The Rebound Review

Rebound, The
Newly single 40 year-old mother Sandy moves into a New York apartment with her two young children and employs local coffee shop worker Aram to babysit. An attraction forms, they date. Will romance blossom despite the age gap?

by Anna Smith |
Published on
Release Date:

23 Jul 2010

Running Time:

94 minutes

Certificate:

15

Original Title:

Rebound, The

If Ross Geller had met a 40 year-old yummy mummy in Friends, it might have played out something like this. Mild-mannered Jewish New Yorker Aram (Justin Bartha) is even working in a coffee shop when he meets beautiful but harassed cougar Sandy (Catherine Zeta-Jones). She, in turn, is a typical Friends woman: pretty, witty, sexually confident and loaded with relatable flaws. There’s a direct nod to Friends when Aram’s mother (Joanna Gleason) mentions her time at Ralph Lauren — the same job Gleason’s character had on the show.

While The Rebound is nowhere near as funny as Friends (duh!), it has a good stab at wry, relatable, observational comedy while exploring the pleasures and pitfalls of the May-December romance. Zeta-Jones is delightful as the indignant wife who storms out of her suburban home after discovering her husband’s infidelity. As she catches him on video during their child’s birthday party, her perfect world is shattered — and so, thankfully, are our expectations of a chaste, insipid rom-com.
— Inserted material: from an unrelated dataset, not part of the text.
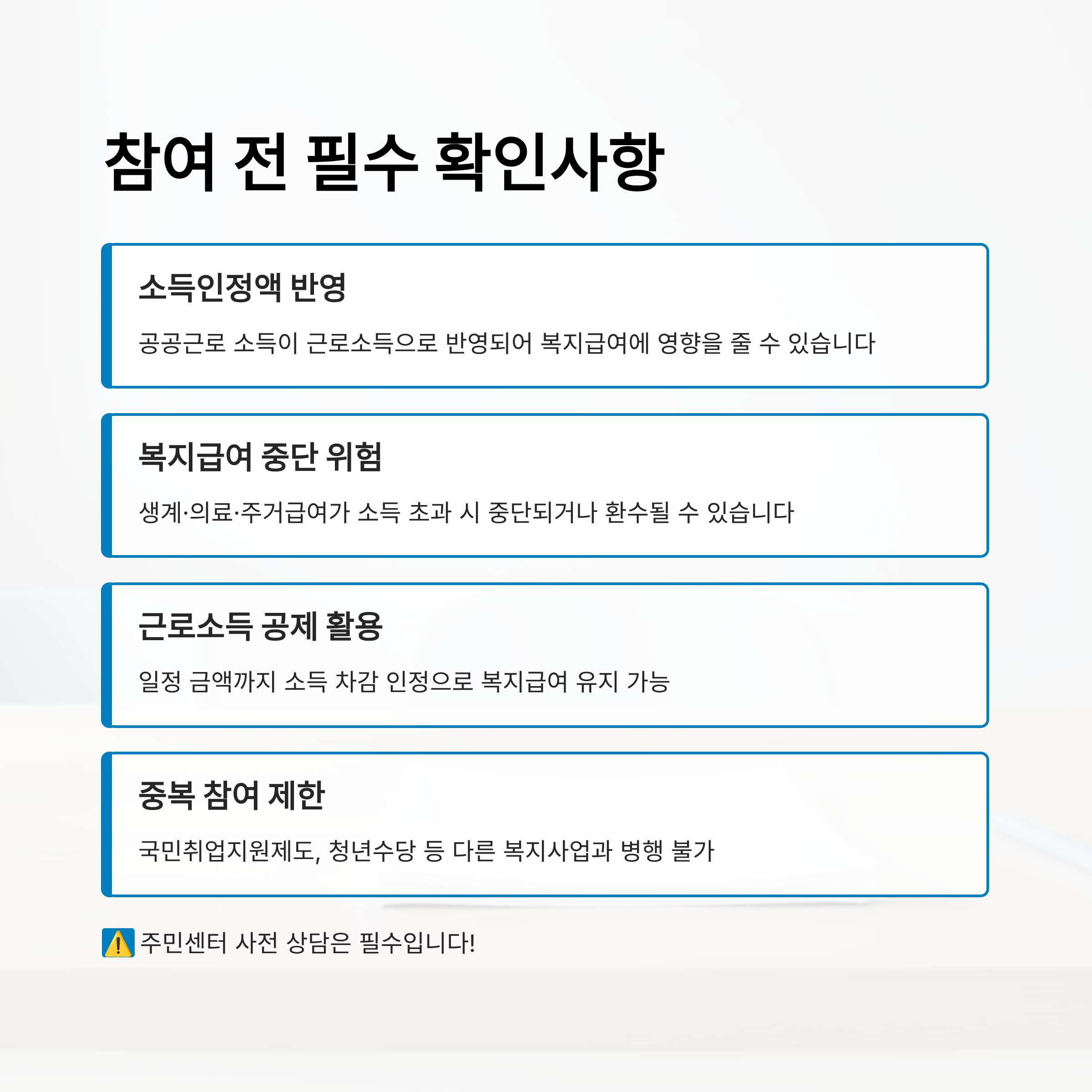 단, 소득신고를 누락하거나 변동 사실을 고지하지 않으면 복지 급여가 추징될 수 있으니, 참여 전 주민센터 또는 복지전담 공무원과 상담 후 신청하는 게 안전해요.

Continuing the theme of uncomfortable sexual discovery, Sandy’s kids are greeted in New York by a tramp flashing them. They then catch Mom at it on the sofa with the babysitter (Justin Bartha). But, like the movie, these pampered kids respond to reality’s little surprises with visible delight and fascination. This approaches parenting with a resigned, amused shrug, beating several comparable Uma Thurman vehicles hands down (see the recent Motherhood, or 2005’s whiny age-gap romance Prime).

This also swerves to avoid stereotypes by making Sandy an obsessive sports fan who’s far more career-driven than the directionless Aram. Unfortunately, the sharp dark laughs become scarcer as the film progresses. Either writer-director Bart Freundlich (Trust The Man) is inserting an obligatory romantic obstacle (yawn) or, worse, he’s attempting toilet humour. When Sandy’s blind date pops into a Portaloo and blithely continues a conversation mid-fart, you can feel the common denominator sinking.

Several scenes offer little or no humour, never mind tangible purpose. While The Rebound has likable characters, it doesn’t concern itself with expanding them too much. Zeta-Jones and Bartha have chemistry, but there’s no great sense of them as passionate soulmates destined to be together. Perhaps he’s just a little too nice: he loves kids, refuses to look at other women and stars in a saccharine closing montage that could pass as a plea for his sainthood. As Sandy’s friend says at one point: “I’m not sure this guy is real.”

With a predictable plot and undercooked characters, The Rebound should be one of the pointless romantic comedies we advise you to miss. Thanks to a mischievous humour and charming leads, it’s surprisingly enjoyable. More Zeta-Jones rom-coms, please.